AsyncShutdownTimeout 	{"phase":"Places Database shutdown","conditions":[{"name":"sanitize.js: Sanitize","state":{"progress":{"cache":"cleared","cookies":"cleared","history":"ready","formdata":"ready","downloads":"ready","sessions":"ready"}},"filename":"chrome://browser/content/sanitize.js","lineNumber":98,"stack":["chrome://browser/content/sanitize.js:Sanitizer.prototype.sanitize<:98","resource://gre/modules/Task.jsm:TaskImpl_run:314","resource://gre/modules/Task.jsm:TaskImpl:275","resource://gre/modules/Task.jsm:createAsyncFunction/asyncFunction:249","chrome://browser/content/sanitize.js:Sanitizer.onStartup<:832","resource://gre/modules/Task.jsm:TaskImpl_run:314","resource://gre/modules/Task.jsm:TaskImpl:275","resource://gre/modules/Task.jsm:createAsyncFunction/asyncFunction:249","resource://app/components/nsBrowserGlue.js:BG__finalUIStartup:759","resource://app/components/nsBrowserGlue.js:BG_observe:283"]}]}

the signature is #11 top crasher on release & this crash variant (abort in sanitize.js, line 98) makes up 2/3 of those crashes. it is regressing in firefox 44.

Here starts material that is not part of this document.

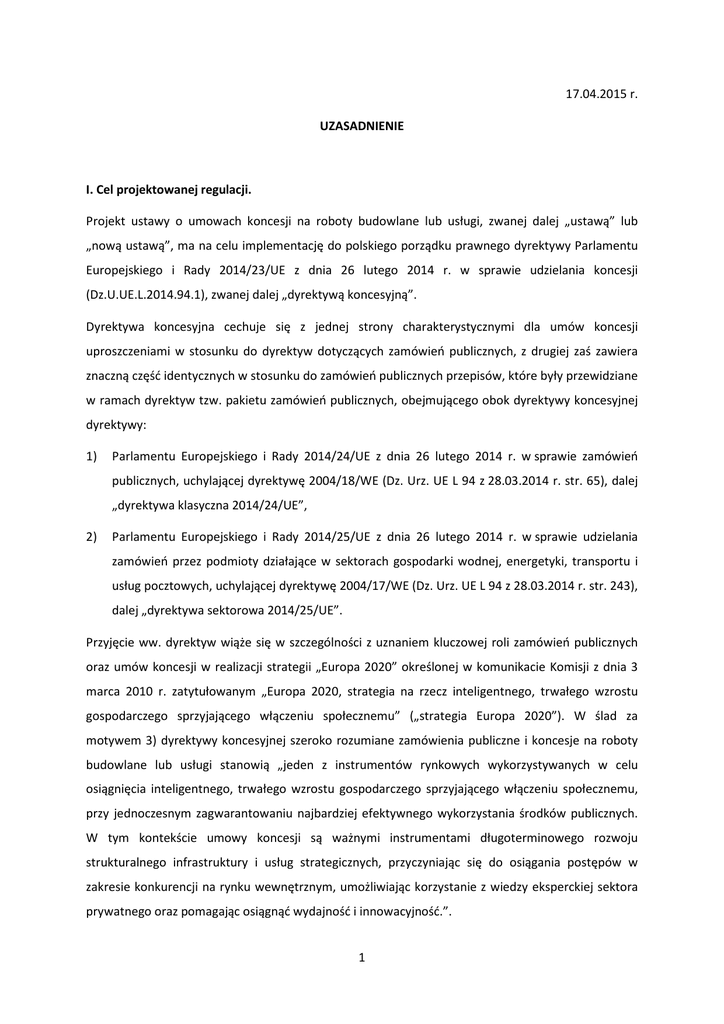 17.04.2015 r. UZASADNIENIE I. Cel projektowanej regulacji. Projekt ustawy o umowach koncesji na roboty budowlane lub usługi, zwanej dalej „ustawą” lub „nową ustawą”, ma na celu implementację do polskiego porządku prawnego dyrektywy Parlamentu Europejskiego i Rady 2014/23/UE z dnia 26 lutego 2014 r. w sprawie udzielania koncesji (Dz.U.UE.L.2014.94.1), zwanej dalej „dyrektywą koncesyjną”. Dyrektywa koncesyjna cechuje się z jednej strony charakterystycznymi dla umów koncesji uproszczeniami w stosunku do dyrektyw dotyczących zamówień publicznych, z drugiej zaś zawiera znaczną część identycznych w stosunku do zamówień publicznych przepisów, które były przewidziane w ramach dyrektyw tzw. pakietu zamówień publicznych, obejmującego obok dyrektywy koncesyjnej dyrektywy: 1) Parlamentu Europejskiego i Rady 2014/24/UE z dnia 26 lutego 2014 r. w sprawie zamówień publicznych, uchylającej dyrektywę 2004/18/WE (Dz. Urz. UE L 94 z 28.03.2014 r. str. 65), dalej „dyrektywa klasyczna 2014/24/UE”, 2) Parlamentu Europejskiego i Rady 2014/25/UE z dnia 26 lutego 2014 r. w sprawie udzielania zamówień przez podmioty działające w sektorach gospodarki wodnej, energetyki, transportu i usług pocztowych, uchylającej dyrektywę 2004/17/WE (Dz. Urz. UE L 94 z 28.03.2014 r. str. 243), dalej „dyrektywa sektorowa 2014/25/UE”. Przyjęcie ww. dyrektyw wiąże się w szczególności z uznaniem kluczowej roli zamówień publicznych oraz umów koncesji w realizacji strategii „Europa 2020” określonej w komunikacie Komisji z dnia 3 marca 2010 r. zatytułowanym „Europa 2020, strategia na rzecz inteligentnego, trwałego wzrostu gospodarczego sprzyjającego włączeniu społecznemu” („strategia Europa 2020”). W ślad za motywem 3) dyrektywy koncesyjnej szeroko rozumiane zamówienia publiczne i koncesje na roboty budowlane lub usługi stanowią „jeden z instrumentów rynkowych wykorzystywanych w celu osiągnięcia inteligentnego, trwałego wzrostu gospodarczego sprzyjającego włączeniu społecznemu, przy jednoczesnym zagwarantowaniu najbardziej efektywnego wykorzystania środków publicznych. W tym kontekście umowy koncesji są ważnymi instrumentami długoterminowego rozwoju strukturalnego infrastruktury i usług strategicznych, przyczyniając się do osiągania postępów w zakresie konkurencji na rynku wewnętrznym, umożliwiając korzystanie z wiedzy eksperckiej sektora prywatnego oraz pomagając osiągnąć wydajność i innowacyjność.”. 1 Celem uchwalenia dyrektywy koncesyjnej było ograniczenie niepewności prawnej przy udzielaniu koncesji oraz sprzyjanie publicznym i prywatnym inwestycjom w infrastrukturę i usługi strategiczne, przy zapewnieniu najlepszego stosunku jakości do ceny, w tym ułatwienie realizacji projektów w formule partnerstwa publiczno – prywatnego. Przyjęcie w 2014 r. przez Parlament Europejski i Radę nowej dyrektywy koncesyjnej otworzyło drogę do wprowadzenia zupełnie nowych rozwiązań w zakresie zawierania umów koncesji na roboty budowlane lub usługi, których celem jest wykonywanie zadań publicznych związanych z rozwojem infrastruktury oraz usług dla obywateli, z uwzględnieniem jak największej dostępności tych rozwiązań dla wykonawców, w tym małych i średnich przedsiębiorstw. Celem projektowanej regulacji jest wprowadzenie jasnych i przejrzystych zasad oraz procedur udzielania zamówień w drodze umów koncesji na roboty budowlane lub usługi, zapewniających zgodność z obowiązującym w tym zakresie prawem Unii Europejskiej. Ze względu na wynikającą z dyrektywy koncesyjnej skalę zmian w stosunku do dotychczasowych przepisów krajowych i nowy sposób regulacji unijnej, uznano za konieczne opracowanie projektu nowej ustawy o koncesjach zamiast dokonywania nowelizacji obowiązującej obecnie ustawy z dnia 9 stycznia 2009 r. o koncesji na roboty budowlane lub usługi (Dz. U. z 2015 r., poz. 113). Do prawa krajowego proponuje się wdrożyć uregulowania prawa unijnego dotyczące: 1. definicji umowy koncesji na roboty budowlane lub usługi, 2. konieczności przeniesienia na koncesjonariusza ryzyka operacyjnego związanego z eksploatacją obiektów budowlanych lub wykonywaniem usług, które obejmuje ryzyka związane z popytem lub podażą, albo oba te ryzyka, jak również zdefiniowania wymienionych ryzyk w celu precyzyjnego odróżnienia umów koncesji na roboty budowlane lub usługi od zamówień publicznych, 3. rozszerzenia zakresu podmiotowego zastosowania przepisów o umowach koncesji poprzez umożliwienie zamawiającym sektorowym zawierania umów koncesji na roboty budowlane lub usługi, 4. szacowania wartości umowy koncesji na roboty budowlane lub usługi, poprzez odniesienie jej do całkowitego obrotu koncesjonariusza uzyskanego w okresie obowiązywania umowy z tytułu wynagrodzenia za roboty budowlane lub usługi, będące przedmiotem umowy koncesji, z uwzględnieniem m.in. opcji i przedłużeń okresu obowiązywania umowy koncesji, przychodów z opłat i kar uiszczanych przez użytkowników, dotacji lub innych korzyści finansowych uzyskiwanych z tytułu realizacji umowy koncesji, 2 5. ukształtowania wyłączeń obowiązku stosowania przepisów dotyczących umów koncesji w sposób analogiczny do wyłączeń obowiązku stosowania ustawy Prawo zamówień publicznych do udzielania zamówień publicznych: klasycznych, sektorowych oraz w dziedzinach obronności i bezpieczeństwa, ze szczególnym uwzględnieniem wyłączeń dot. in-house, inhouse odwróconego i wspólnego oraz współpracy publiczno-publicznej, 6. obowiązku stosowania przepisów o umowach koncesji na roboty budowlane lub usługi do zawierania umów koncesji o szacunkowej wartości równej lub wyższej od progu unijnego przewidzianego w dyrektywie koncesyjnej dla robót budowlanych oraz aktualizacji tego progu zgodnie z wydawanym co dwa lata rozporządzeniem i komunikatem Komisji Europejskiej oraz komunikatem Prezesa Urzędu, za

multiple user comments describe that they tried to delete the firefox history and firefox was subsequently stuck in a "not responding" mode after a restart constantly:
https://crash-stats.mozilla.com/search/?signature=%3Dmozalloc_abort+|+NS_DebugBreak+|+nsDebugImpl%3A%3AAbort&abort_message=98&user_comments=~history&_facets=signature&_facets=version&_facets=user_comments&_facets=uptime&_facets=platform_pretty_version&_facets=abort_message&_facets=async_shutdown_timeout&_columns=date&_columns=signature&_columns=product&_columns=version&_columns=build_id&_columns=platform#facet-user_comments

downgrading to 43 can get you out of the freezing condition on startup again apparently according to https://support.mozilla.org/questions/1110002.
There are various bugs in sanitize on shutdown we are currently handling and I think this is just the tip of the iceberg.
Bug 1243549 is a part of those, it already landed on all the branches
Bug 1244650 is another important part that shows clear on shutdown is broken from a long time
Then there's bug 1245065

Here it's also showing async shutdown is killing us while we try to clear history, that means sanitize takes more than 1 minute.
I'm not really surprised, 1 minute can be a short time if it's the time to clear *all* the sanitize clients. Especially in the async world.
plus we have bug 871908 that is quite bad, but we lack resources to fix it.
Depends on: 871908
Comment hidden (obsolete)
Depends on: 1244650
This is one of the top crash of 45, tracking.
Marco, are you going to take care of that?
tracking-firefox45: ? → +
Flags: needinfo?(mak77)
I will have a look, but first I need to do some planning with the team.
Assignee: nobody → mak77
First of all, the hang on startup is easy to explain, if we fail to sanitize on shutdown, we do on startup. We started doing that "properly" with bug 1089695, in the sense we can now detect interrupted shutdown sanitizations . We could work on avoiding jankiness, but it's a long process we already started years ago involving rewrite of sync APIs and better I/O paths.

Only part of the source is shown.